• **EXERCISE PROMPT**
In the entries below, begin at the line with "si può dire" and stop after the line with "- 「東京大学ECCSクラウ"; output those lines exactly and omit the pictures.

• **DATA EXTRACT**

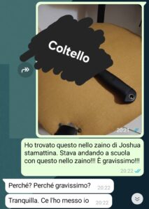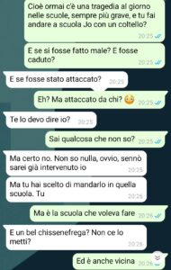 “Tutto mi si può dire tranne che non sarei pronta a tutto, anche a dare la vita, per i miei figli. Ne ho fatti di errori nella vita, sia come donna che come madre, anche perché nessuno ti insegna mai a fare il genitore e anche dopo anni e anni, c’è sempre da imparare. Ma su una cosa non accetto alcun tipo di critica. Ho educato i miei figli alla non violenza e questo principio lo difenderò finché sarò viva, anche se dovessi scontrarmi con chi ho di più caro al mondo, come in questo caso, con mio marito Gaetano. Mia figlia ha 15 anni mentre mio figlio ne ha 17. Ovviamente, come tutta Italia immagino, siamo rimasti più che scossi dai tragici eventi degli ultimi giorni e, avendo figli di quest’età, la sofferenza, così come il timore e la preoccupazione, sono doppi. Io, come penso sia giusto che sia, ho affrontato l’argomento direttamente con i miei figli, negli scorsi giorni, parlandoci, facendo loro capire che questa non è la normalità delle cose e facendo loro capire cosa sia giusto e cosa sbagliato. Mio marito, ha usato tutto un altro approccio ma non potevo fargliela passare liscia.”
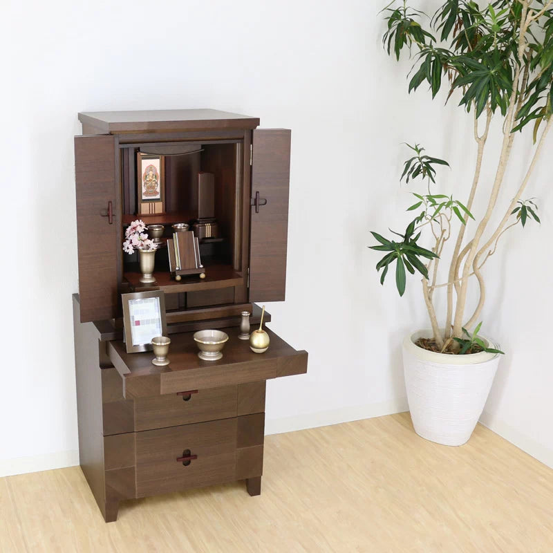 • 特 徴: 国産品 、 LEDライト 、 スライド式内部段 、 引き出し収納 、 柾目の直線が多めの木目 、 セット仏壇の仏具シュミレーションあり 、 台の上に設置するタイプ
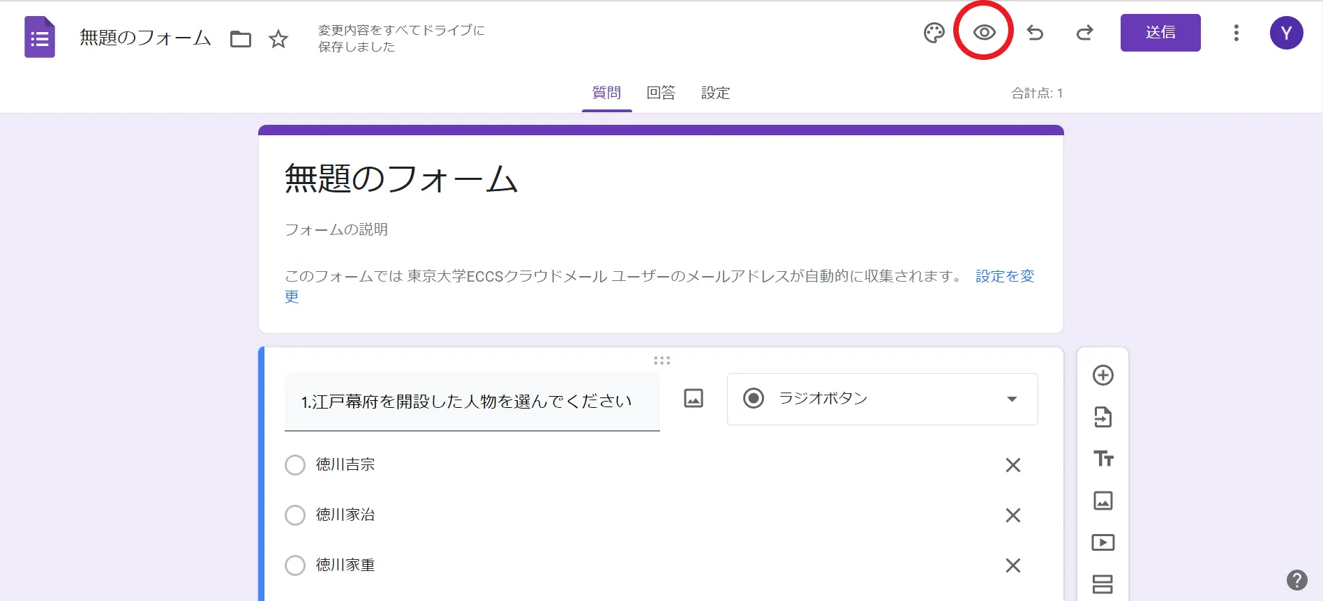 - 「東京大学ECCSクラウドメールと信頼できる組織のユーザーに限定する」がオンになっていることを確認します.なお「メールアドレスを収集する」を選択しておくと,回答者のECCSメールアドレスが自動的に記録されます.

==

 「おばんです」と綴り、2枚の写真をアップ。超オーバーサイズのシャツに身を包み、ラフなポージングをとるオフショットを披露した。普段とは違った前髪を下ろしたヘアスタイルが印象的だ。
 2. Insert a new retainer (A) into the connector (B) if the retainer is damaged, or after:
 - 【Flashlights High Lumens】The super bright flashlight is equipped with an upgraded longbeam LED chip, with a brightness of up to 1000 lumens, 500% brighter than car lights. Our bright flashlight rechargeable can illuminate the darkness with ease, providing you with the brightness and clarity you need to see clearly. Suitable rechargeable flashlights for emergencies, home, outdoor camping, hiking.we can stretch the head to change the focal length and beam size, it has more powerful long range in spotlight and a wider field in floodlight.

* * *

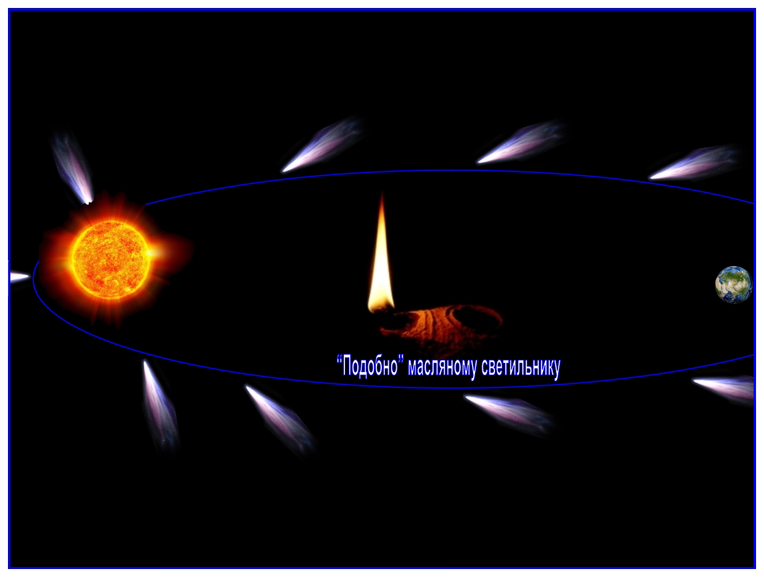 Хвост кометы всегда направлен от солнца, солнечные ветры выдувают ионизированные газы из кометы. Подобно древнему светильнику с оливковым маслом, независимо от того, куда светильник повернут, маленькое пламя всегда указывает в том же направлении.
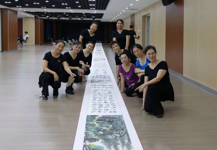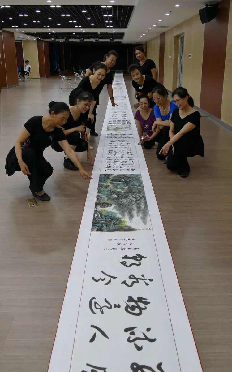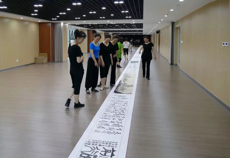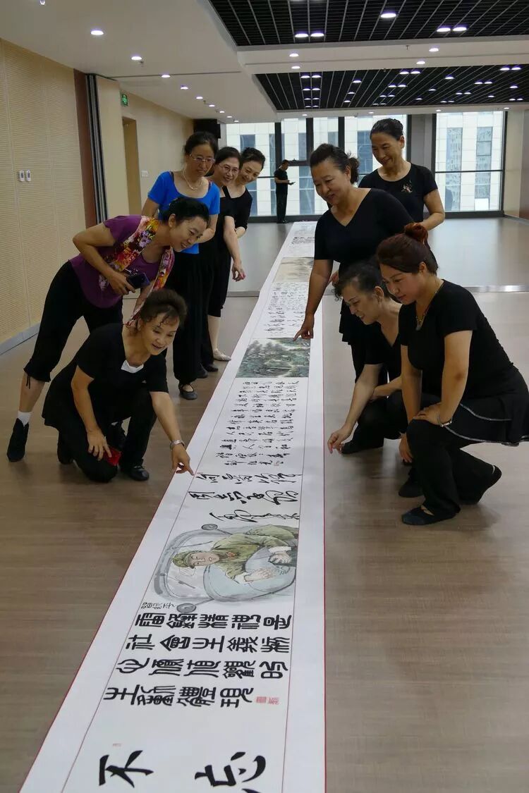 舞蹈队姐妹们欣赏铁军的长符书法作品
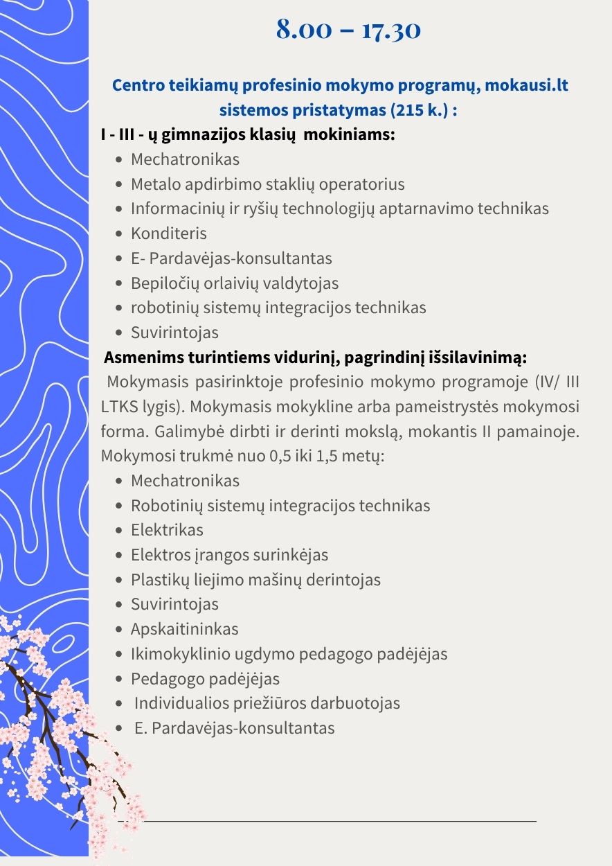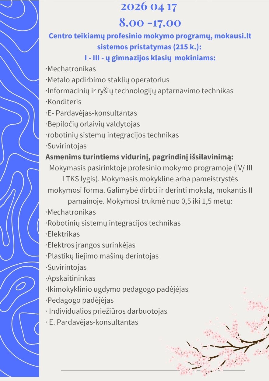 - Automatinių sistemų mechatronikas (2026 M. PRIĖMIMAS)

• **RESULT FOR THIS TASK**
 “Tutto mi si può dire tranne che non sarei pronta a tutto, anche a dare la vita, per i miei figli. Ne ho fatti di errori nella vita, sia come donna che come madre, anche perché nessuno ti insegna mai a fare il genitore e anche dopo anni e anni, c’è sempre da imparare. Ma su una cosa non accetto alcun tipo di critica. Ho educato i miei figli alla non violenza e questo principio lo difenderò finché sarò viva, anche se dovessi scontrarmi con chi ho di più caro al mondo, come in questo caso, con mio marito Gaetano. Mia figlia ha 15 anni mentre mio figlio ne ha 17. Ovviamente, come tutta Italia immagino, siamo rimasti più che scossi dai tragici eventi degli ultimi giorni e, avendo figli di quest’età, la sofferenza, così come il timore e la preoccupazione, sono doppi. Io, come penso sia giusto che sia, ho affrontato l’argomento direttamente con i miei figli, negli scorsi giorni, parlandoci, facendo loro capire che questa non è la normalità delle cose e facendo loro capire cosa sia giusto e cosa sbagliato. Mio marito, ha usato tutto un altro approccio ma non potevo fargliela passare liscia.”
 • 特 徴: 国産品 、 LEDライト 、 スライド式内部段 、 引き出し収納 、 柾目の直線が多めの木目 、 セット仏壇の仏具シュミレーションあり 、 台の上に設置するタイプ
 - 「東京大学ECCSクラウドメールと信頼できる組織のユーザーに限定する」がオンになっていることを確認します.なお「メールアドレスを収集する」を選択しておくと,回答者のECCSメールアドレスが自動的に記録されます.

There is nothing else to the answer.